Given data -

* * * *

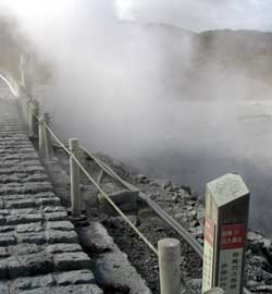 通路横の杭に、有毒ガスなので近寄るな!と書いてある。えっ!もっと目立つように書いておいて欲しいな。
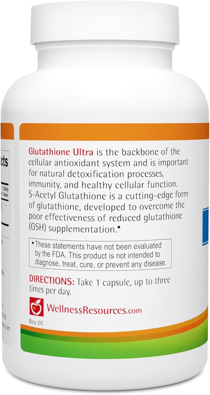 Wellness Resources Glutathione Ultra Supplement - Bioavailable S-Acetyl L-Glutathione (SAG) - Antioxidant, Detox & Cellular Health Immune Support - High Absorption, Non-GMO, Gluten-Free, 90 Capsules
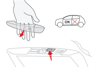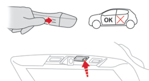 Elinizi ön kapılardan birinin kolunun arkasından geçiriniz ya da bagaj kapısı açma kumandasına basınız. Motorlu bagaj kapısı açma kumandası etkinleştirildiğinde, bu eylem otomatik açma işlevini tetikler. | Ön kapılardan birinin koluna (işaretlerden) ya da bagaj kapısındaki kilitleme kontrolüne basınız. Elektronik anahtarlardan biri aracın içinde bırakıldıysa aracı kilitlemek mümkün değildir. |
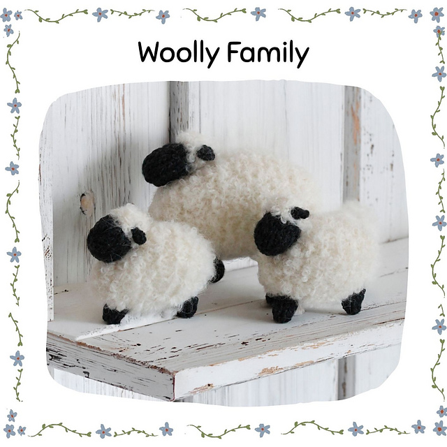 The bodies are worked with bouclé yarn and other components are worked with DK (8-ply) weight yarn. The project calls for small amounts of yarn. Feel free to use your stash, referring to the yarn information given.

* * * *

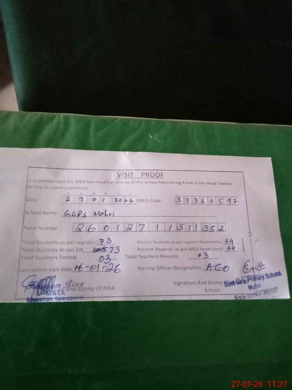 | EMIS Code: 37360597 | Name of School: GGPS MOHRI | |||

* * * *

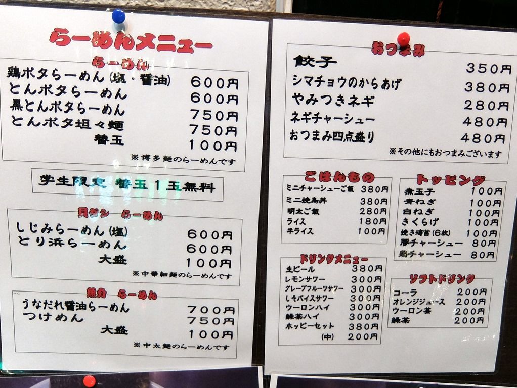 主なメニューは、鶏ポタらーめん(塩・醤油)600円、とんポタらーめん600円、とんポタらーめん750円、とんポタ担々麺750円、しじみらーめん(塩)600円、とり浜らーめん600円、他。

* * * *

Task requirements - The copy should hold exactly the lines above from the one with "通路横の杭に、有毒ガスなので" through the one with "Wellness Resources Glutathione", both ends counted, and no pictures at all.

Written solution -
 通路横の杭に、有毒ガスなので近寄るな!と書いてある。えっ!もっと目立つように書いておいて欲しいな。
 Wellness Resources Glutathione Ultra Supplement - Bioavailable S-Acetyl L-Glutathione (SAG) - Antioxidant, Detox & Cellular Health Immune Support - High Absorption, Non-GMO, Gluten-Free, 90 Capsules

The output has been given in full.